Start of Records

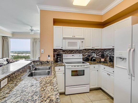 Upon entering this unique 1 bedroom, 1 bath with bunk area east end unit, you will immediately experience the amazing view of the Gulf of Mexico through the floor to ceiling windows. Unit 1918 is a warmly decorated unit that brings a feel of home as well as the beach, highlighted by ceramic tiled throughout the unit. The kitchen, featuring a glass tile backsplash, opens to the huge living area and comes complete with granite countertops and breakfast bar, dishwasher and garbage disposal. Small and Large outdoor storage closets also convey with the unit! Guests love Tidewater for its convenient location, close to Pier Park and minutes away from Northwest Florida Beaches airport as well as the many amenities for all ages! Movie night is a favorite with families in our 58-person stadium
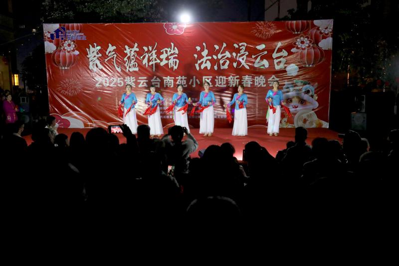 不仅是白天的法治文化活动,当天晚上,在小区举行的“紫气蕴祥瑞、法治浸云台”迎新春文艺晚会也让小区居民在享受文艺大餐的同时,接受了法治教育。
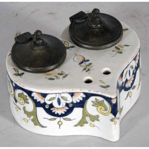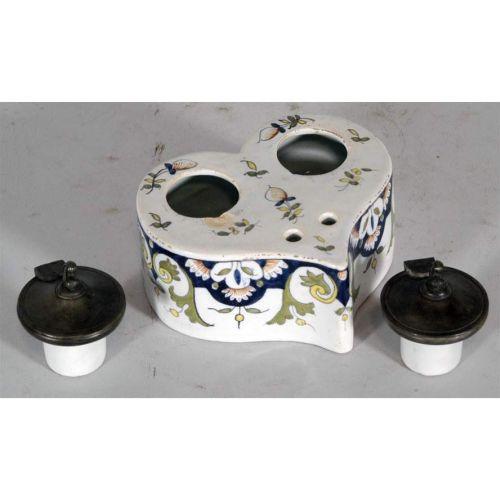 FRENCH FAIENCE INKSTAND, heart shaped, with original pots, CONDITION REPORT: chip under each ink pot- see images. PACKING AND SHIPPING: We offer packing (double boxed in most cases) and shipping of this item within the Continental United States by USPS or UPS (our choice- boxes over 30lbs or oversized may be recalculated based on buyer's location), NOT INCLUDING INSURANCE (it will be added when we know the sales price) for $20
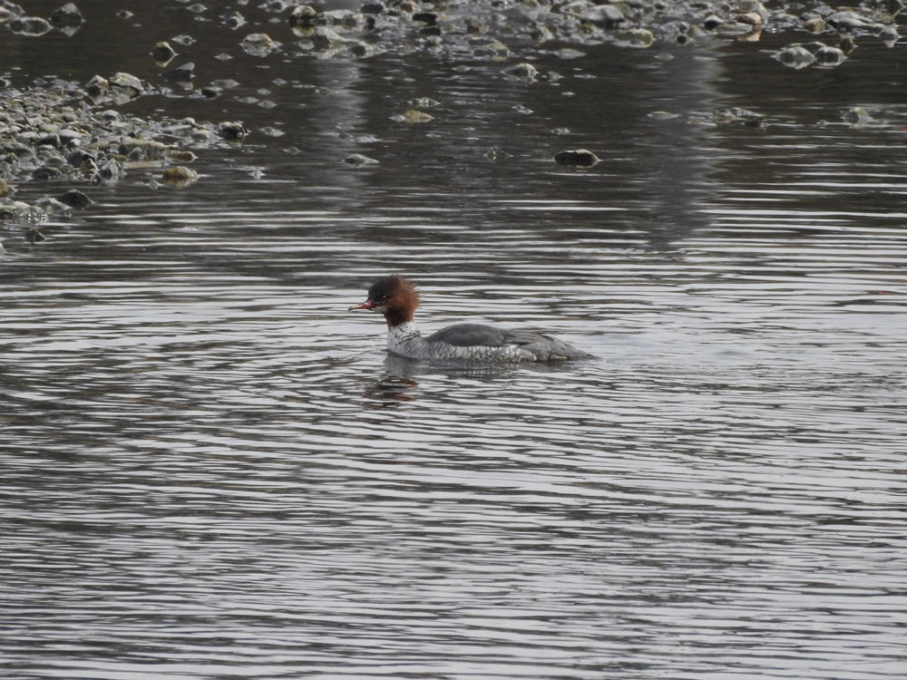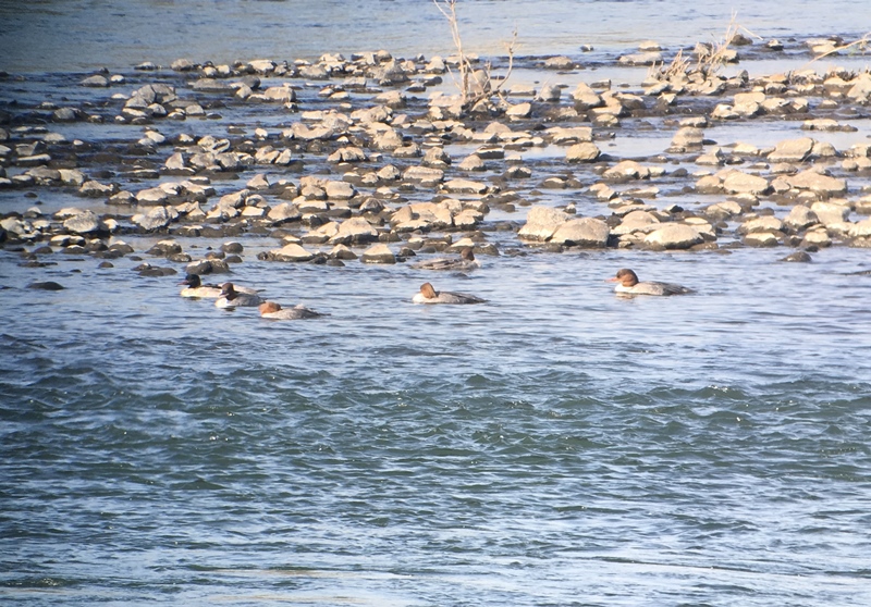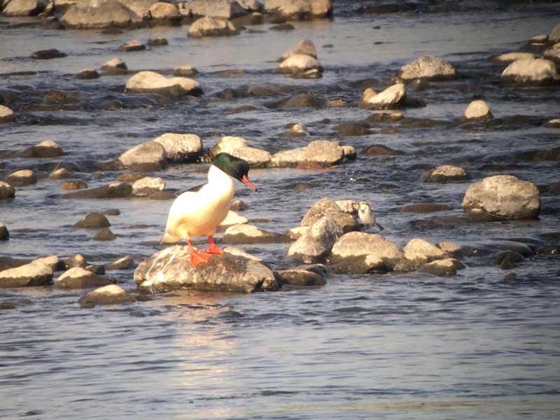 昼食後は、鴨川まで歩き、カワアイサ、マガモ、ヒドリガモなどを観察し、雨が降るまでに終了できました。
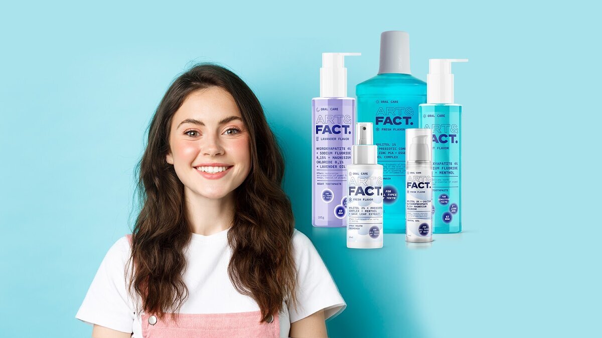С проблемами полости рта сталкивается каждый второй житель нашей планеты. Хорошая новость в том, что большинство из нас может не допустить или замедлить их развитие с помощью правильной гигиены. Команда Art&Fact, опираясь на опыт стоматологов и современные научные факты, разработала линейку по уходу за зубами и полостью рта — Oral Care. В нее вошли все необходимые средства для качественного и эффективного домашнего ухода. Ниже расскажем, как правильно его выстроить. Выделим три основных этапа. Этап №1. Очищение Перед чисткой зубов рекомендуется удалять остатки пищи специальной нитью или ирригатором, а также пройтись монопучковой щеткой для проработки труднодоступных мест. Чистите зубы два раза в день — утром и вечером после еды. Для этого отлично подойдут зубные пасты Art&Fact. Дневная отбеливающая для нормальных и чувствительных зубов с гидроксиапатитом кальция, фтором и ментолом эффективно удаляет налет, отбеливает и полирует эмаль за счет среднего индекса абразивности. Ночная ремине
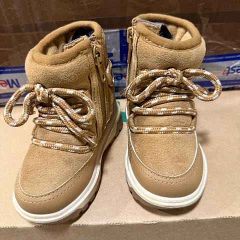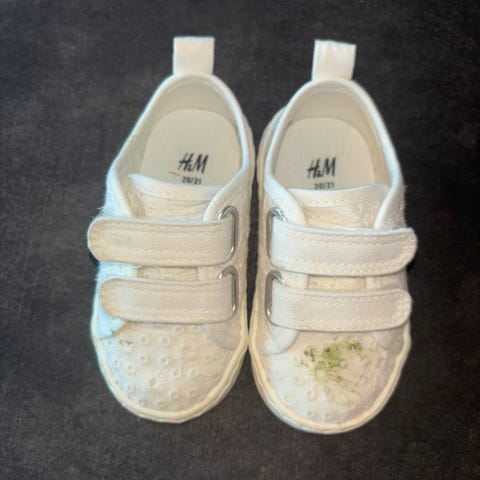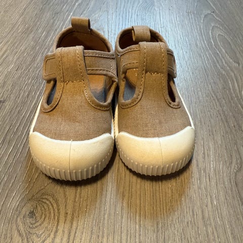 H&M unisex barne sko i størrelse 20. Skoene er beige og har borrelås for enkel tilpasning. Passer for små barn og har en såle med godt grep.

End of Records

### What the exercise asks:
Exactly as written, print each entry, leaving all pictures out.

### Expected output:
 Upon entering this unique 1 bedroom, 1 bath with bunk area east end unit, you will immediately experience the amazing view of the Gulf of Mexico through the floor to ceiling windows. Unit 1918 is a warmly decorated unit that brings a feel of home as well as the beach, highlighted by ceramic tiled throughout the unit. The kitchen, featuring a glass tile backsplash, opens to the huge living area and comes complete with granite countertops and breakfast bar, dishwasher and garbage disposal. Small and Large outdoor storage closets also convey with the unit! Guests love Tidewater for its convenient location, close to Pier Park and minutes away from Northwest Florida Beaches airport as well as the many amenities for all ages! Movie night is a favorite with families in our 58-person stadium
 不仅是白天的法治文化活动,当天晚上,在小区举行的“紫气蕴祥瑞、法治浸云台”迎新春文艺晚会也让小区居民在享受文艺大餐的同时,接受了法治教育。
 FRENCH FAIENCE INKSTAND, heart shaped, with original pots, CONDITION REPORT: chip under each ink pot- see images. PACKING AND SHIPPING: We offer packing (double boxed in most cases) and shipping of this item within the Continental United States by USPS or UPS (our choice- boxes over 30lbs or oversized may be recalculated based on buyer's location), NOT INCLUDING INSURANCE (it will be added when we know the sales price) for $20
 昼食後は、鴨川まで歩き、カワアイサ、マガモ、ヒドリガモなどを観察し、雨が降るまでに終了できました。
С проблемами полости рта сталкивается каждый второй житель нашей планеты. Хорошая новость в том, что большинство из нас может не допустить или замедлить их развитие с помощью правильной гигиены. Команда Art&Fact, опираясь на опыт стоматологов и современные научные факты, разработала линейку по уходу за зубами и полостью рта — Oral Care. В нее вошли все необходимые средства для качественного и эффективного домашнего ухода. Ниже расскажем, как правильно его выстроить. Выделим три основных этапа. Этап №1. Очищение Перед чисткой зубов рекомендуется удалять остатки пищи специальной нитью или ирригатором, а также пройтись монопучковой щеткой для проработки труднодоступных мест. Чистите зубы два раза в день — утром и вечером после еды. Для этого отлично подойдут зубные пасты Art&Fact. Дневная отбеливающая для нормальных и чувствительных зубов с гидроксиапатитом кальция, фтором и ментолом эффективно удаляет налет, отбеливает и полирует эмаль за счет среднего индекса абразивности. Ночная ремине
 H&M unisex barne sko i størrelse 20. Skoene er beige og har borrelås for enkel tilpasning. Passer for små barn og har en såle med godt grep.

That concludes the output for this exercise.